---------- Exercise data ----------
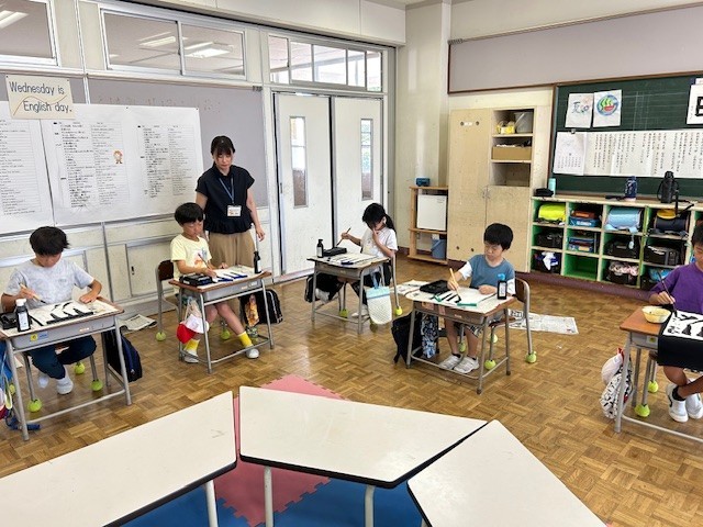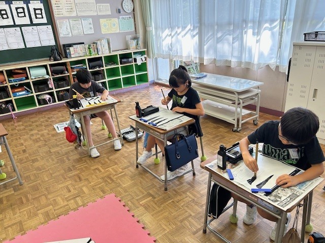 3年生は書写で「はらい」の練習をしました。太さの違う線、少しずつ太くなる線、少しずつ細くなる線の練習をして「はらい」につなげました。きれいな三角の線の形になるよう集中して練習していました。
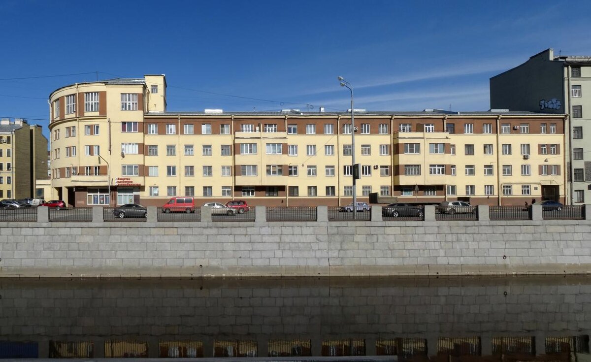 Сегодня мы рассмотрим очередной образец конструктивизма — квартиру в одном из домов жилого комплекса «Дом Электротока». Комплекс зданий на набережной Обводного канала, дом 121, с тремя литерами А, Б и В был построен в конце 1920-х годов для работников расположенных через канал напротив ГЭС-1 и расположенного там же (по настоящее время) в Масляном переулке Центрального эксплуатационного района системы Ленэнерго (тогда «Электротока»). Дома были «кооперативными», но с привлечением средств Ленэнерго для строительства и поддержания «инфраструктуры», состоящей из собственной котельной, полумеханизированной прачечной, детского сада, домоуправления, «красного уголка» с кинозалом, дворовых скверов с цветниками и даже круглой чашей фонтана в центре первого двора и «солярия» на плоской крыше углового, самого высокого корпуса. У детского сада, кроме помещений на Обводном канале, была собственная дача в Сиверской на берегу р. Оредеж, куда за небольшую плату на все лето вывозили детей дошкольного во
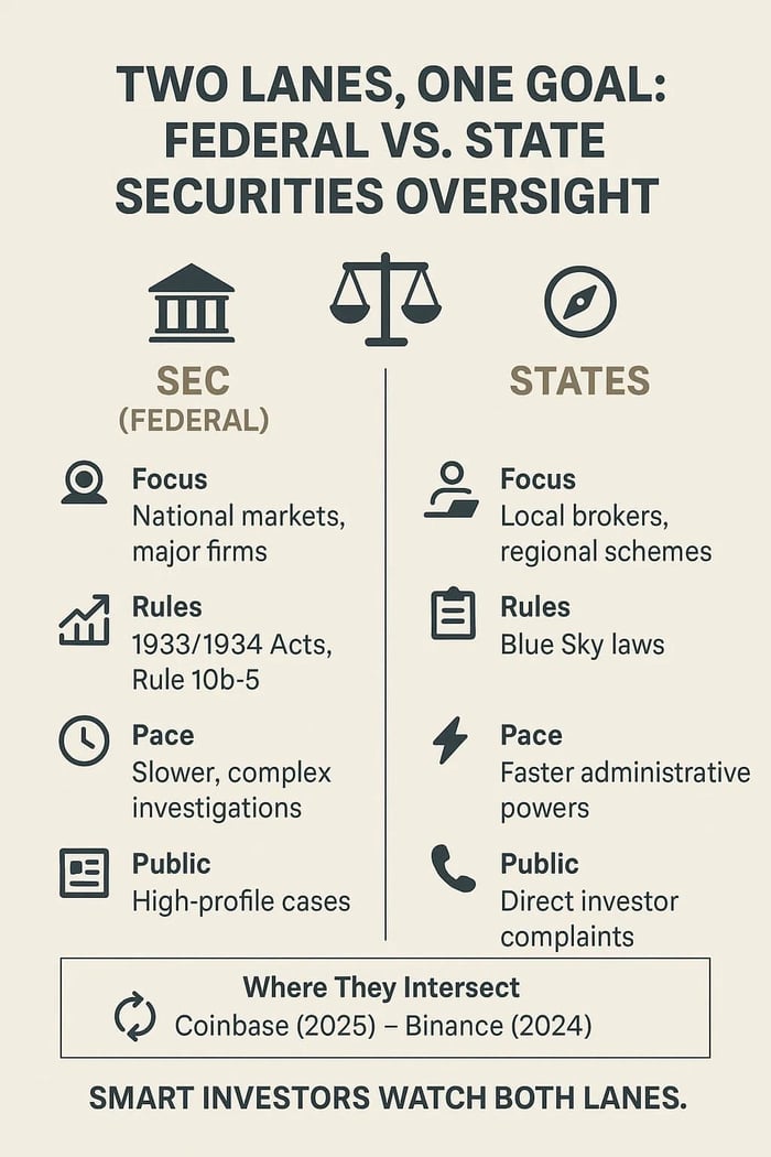 States don’t just shadow the feds—they sometimes run alongside them, in parallel. That can happen when a single securities scheme crosses both state and federal lines. One recent example involves Binance, the crypto exchange.
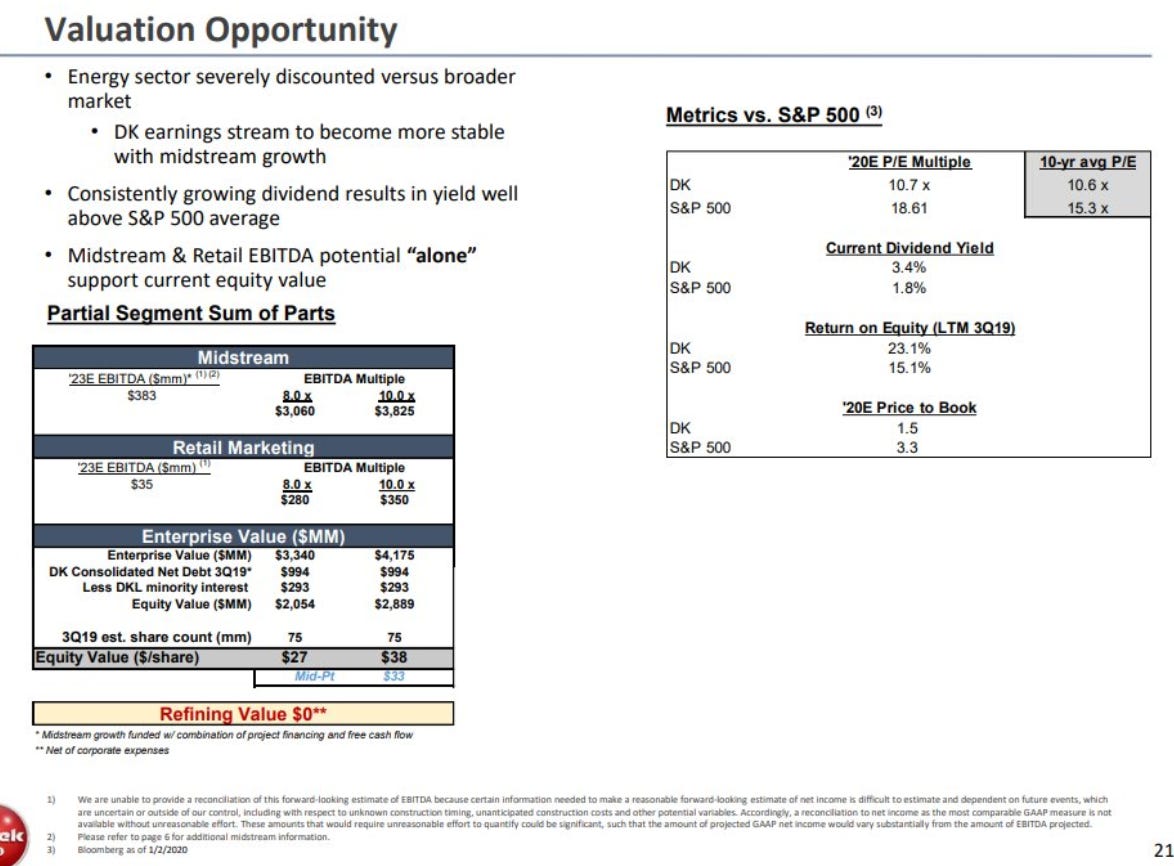 The company has a few growth projects that they've invested in that aren't currently earnings anything but should have pretty significant value. Some of these projects are in DKL, so I assume their value is fairly captured in DKL's price. However, some have had major investments and haven't produced earnings yet and are fully owned by DK, so they could be a source of hidden upside. For example, DK has invested ~$75m into Wink to Webster, and on their Q3'19 call they guided that they could refi that project and get a bit of cash back. That could be an incremental boost to my SOTP.
----------
#### Aim of the exercise:
Make an exact printout of the listing above, omitting the images.

#### Expected output:
 3年生は書写で「はらい」の練習をしました。太さの違う線、少しずつ太くなる線、少しずつ細くなる線の練習をして「はらい」につなげました。きれいな三角の線の形になるよう集中して練習していました。
 Сегодня мы рассмотрим очередной образец конструктивизма — квартиру в одном из домов жилого комплекса «Дом Электротока». Комплекс зданий на набережной Обводного канала, дом 121, с тремя литерами А, Б и В был построен в конце 1920-х годов для работников расположенных через канал напротив ГЭС-1 и расположенного там же (по настоящее время) в Масляном переулке Центрального эксплуатационного района системы Ленэнерго (тогда «Электротока»). Дома были «кооперативными», но с привлечением средств Ленэнерго для строительства и поддержания «инфраструктуры», состоящей из собственной котельной, полумеханизированной прачечной, детского сада, домоуправления, «красного уголка» с кинозалом, дворовых скверов с цветниками и даже круглой чашей фонтана в центре первого двора и «солярия» на плоской крыше углового, самого высокого корпуса. У детского сада, кроме помещений на Обводном канале, была собственная дача в Сиверской на берегу р. Оредеж, куда за небольшую плату на все лето вывозили детей дошкольного во
 States don’t just shadow the feds—they sometimes run alongside them, in parallel. That can happen when a single securities scheme crosses both state and federal lines. One recent example involves Binance, the crypto exchange.
 The company has a few growth projects that they've invested in that aren't currently earnings anything but should have pretty significant value. Some of these projects are in DKL, so I assume their value is fairly captured in DKL's price. However, some have had major investments and haven't produced earnings yet and are fully owned by DK, so they could be a source of hidden upside. For example, DK has invested ~$75m into Wink to Webster, and on their Q3'19 call they guided that they could refi that project and get a bit of cash back. That could be an incremental boost to my SOTP.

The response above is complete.